Thursday, August 1, 2013

IRS, FEC Staff Conspire Against Conservatives

Embattled Internal Revenue Service official Lois Lerner and an attorney in the Federal Election Commission’s general counsel’s office appear to have twice colluded to influence the record before the FEC’s vote in the case of a conservative non-profit organization, according to e-mails unearthed by the House Ways and Means Committee and obtained exclusively by National Review Online. The correspondence suggests the discrimination of conservative groups extended beyond the IRS and into the FEC, where an attorney from the agency’s enforcement division in at least one case sought and received tax information about the status of a conservative group, the American Future Fund, before recommending that the commission prosecute it for violations of campaign-finance law.

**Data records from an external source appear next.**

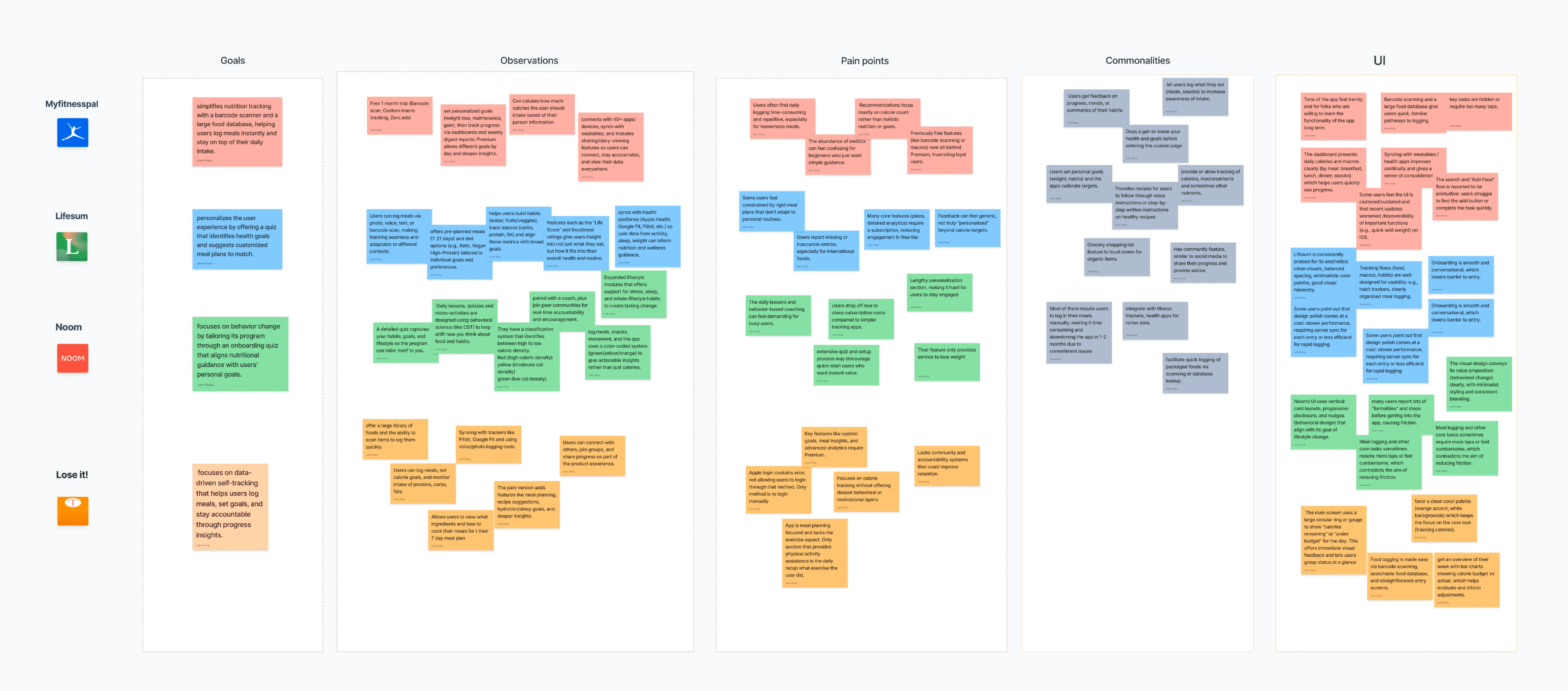 I created an affinity map created to analyze our 4 competitors and identify user behaviors, pain points, and design patterns to shape NutritionNest’s direction.
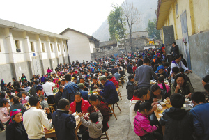 每年秋收后到翌年播種前,是四川涼山金陽(yáng)縣人結(jié)婚的黃金季節(jié)。無(wú)論是在縣城還是農(nóng)村,不管是吃“九斗碗”,還是吃“坨坨肉”,大家都喜歡擺壩壩宴。在金陽(yáng)縣城,常??梢钥吹竭@樣一幅景象:數(shù)百人聚在一處,圍坐于一張張方桌旁,伸箸暢食,舉杯暢飲。一盆盆肉端上桌子,主人不停地招呼客人趁熱吃?! ?/p>
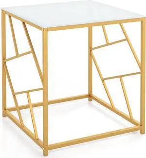 SlickBlue Square End Table with Tempered Glass Tabletop and Gold Finish Geometric Frame-Golden
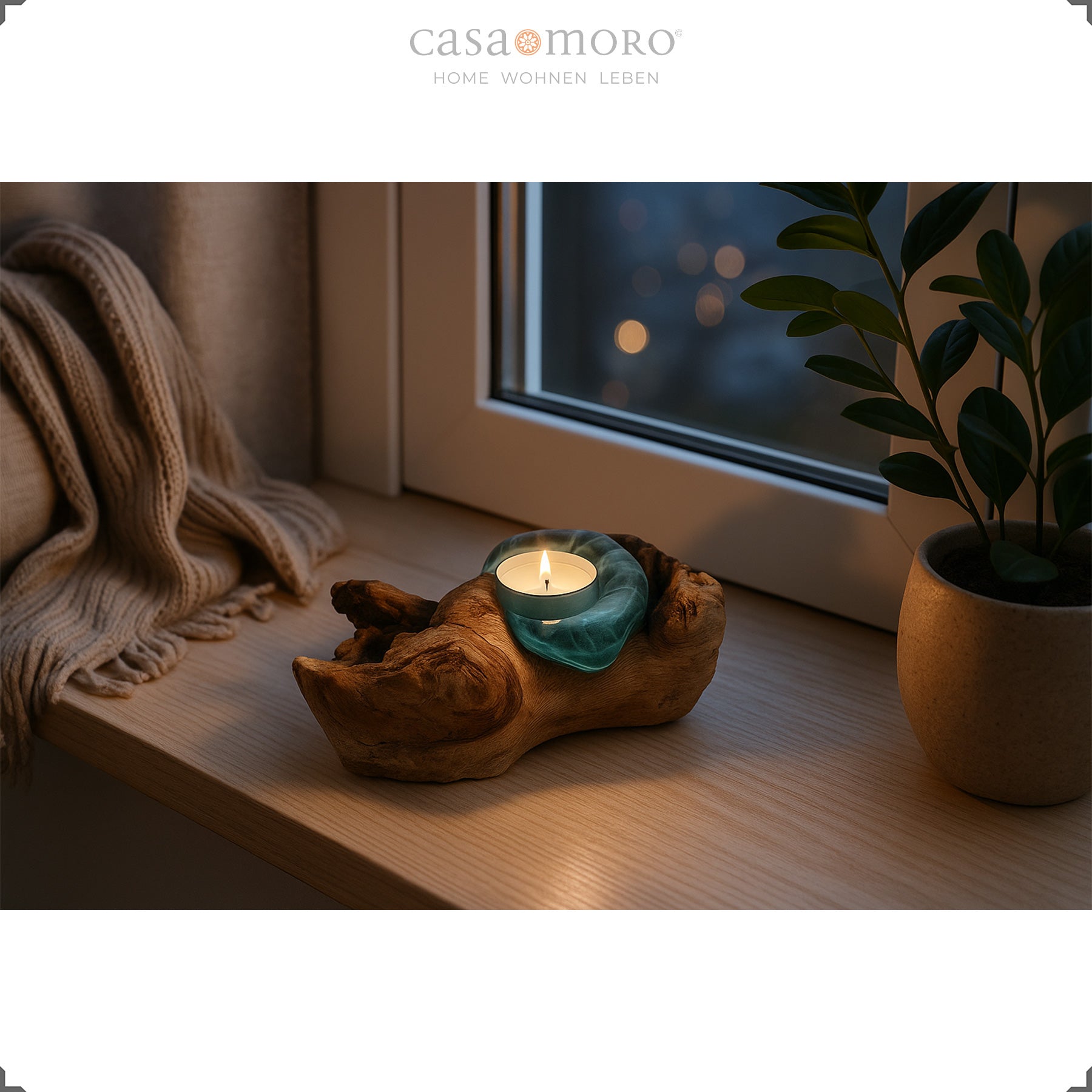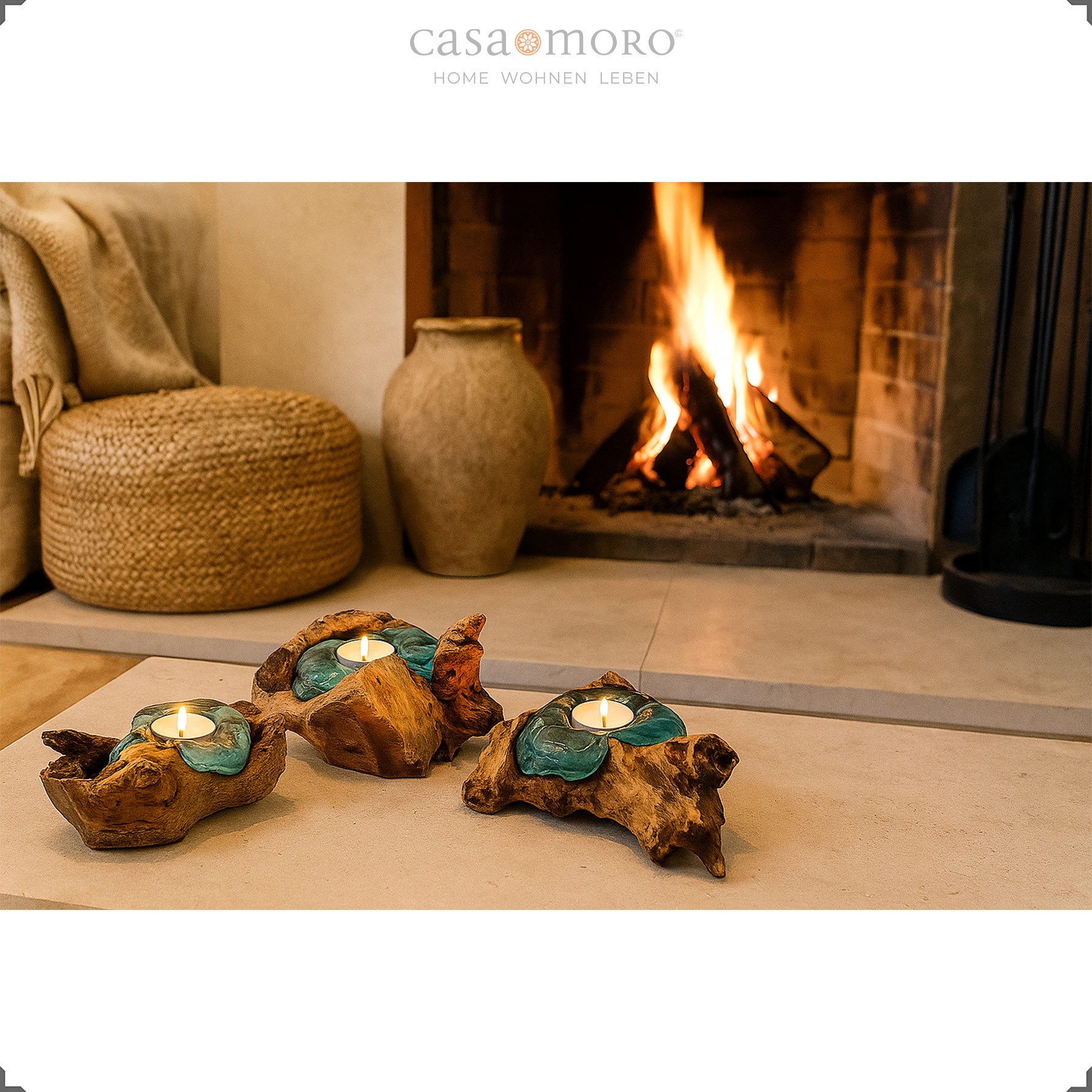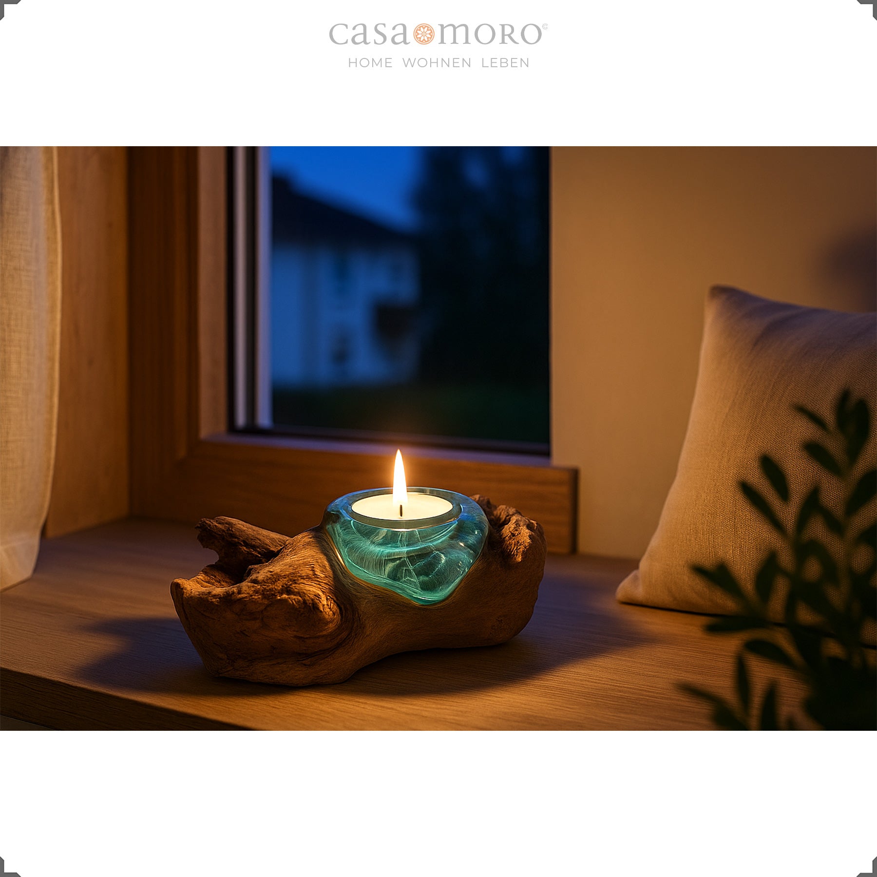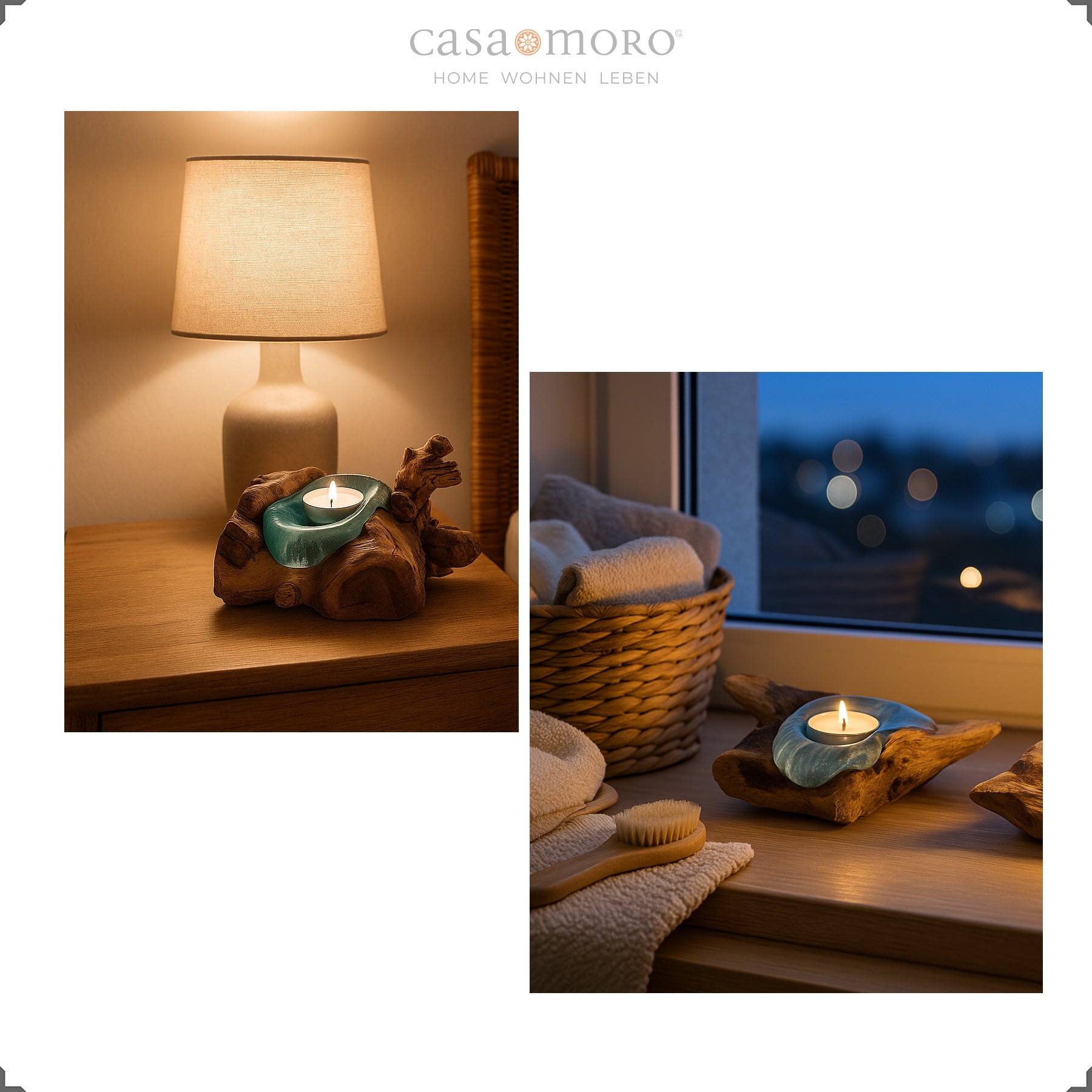 Die geschwungene Holzschale fängt das Kerzenlicht auf und reflektiert es weich. So entsteht ein harmonisches Lichtspiel, das jeden Raum behaglicher wirken lässt. Mit seiner Verbindung aus Teakholz Stamm, Glas und handwerklicher Verarbeitung fügt sich der Teelichthalter mühelos in verschiedene Wohnstile ein – von modern-natürlich bis warm und erdverbunden.
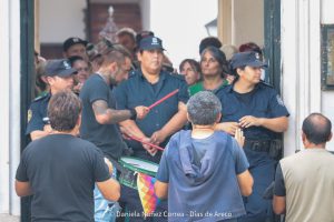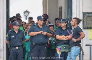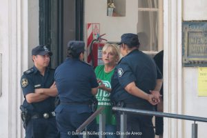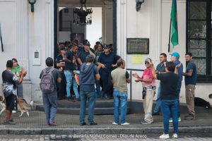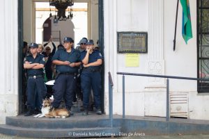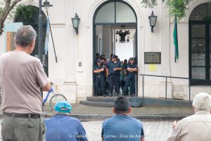 Esta mañana otra vez se puso en marcha un fuerte operativo de seguridad con efectivos de la Comunal y del GAD que ante la atente mirada del Comisario Víctor Pacheco cercaron el ingreso a la Municipalidad, tanto por la puerta principal de la calle Lavalle como por el patio trasero. Muchos manifestantes habían ingresado al viejo edificio antes de que llegaran los uniformados y permanecieron dentro hasta cerca del mediodía.
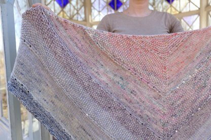 Easy to knit, this shawl is perfect for picking up here and there when new scraps appear. Or sit down for some relaxing TV knitting with your bag or jar of those precious left-overs.

Lerner, the former head of the IRS’s exempt-organizations division, worked at the FEC from 1986 to 1995, and was known for aggressive investigation of conservative groups during her tenure there, too.
Lois Lerner looking down her nose at Darryl Issa
Funny how that seems to happen every where she goes, doesn't it.

“Several months ago . . . I spoke with you about the American Future Fund, a 501(c)(4) organization that had submitted an exemption application the IRS [sic],” the FEC attorney wrote Lerner in February 2009. The FEC, which polices violations of campaign-finance laws, is not exempted under Rule 6103, which prohibits the IRS from sharing confidential taxpayer information, but the e-mail indicates Lerner may have provided that information nonetheless: “When we spoke last July, you had told us that the American Future Fund had not received an exemption letter from the IRS,” the FEC attorney wrote.
Again, I make my "modest proposal".  Fire half the IRS employees and replace them with dyed in the wool conservatives.  Forget the Hatch Act stuff that allows the democratic operatives in the bureaucracy to pretend to be pursuing a nonpartisan agenda, and allow them to hammer liberal groups similarly for a few election cycles and see if they like it.

Curiously, the FEC may be the only example of such an agency.  By law, the commission has six members, no four of which can be from a single party (to allow oddball parties I suppose); typically it has three democrats and three republicans.  And in this case, the commission itself voted 6:0 not to pursue the conservative group it's liberal staff targeted.

Critics contend this makes the FEC "toothless." I regard this as a feature, and not a bug. Such critics are typically liberal and are hoping for liberals to stifle conservative efforts.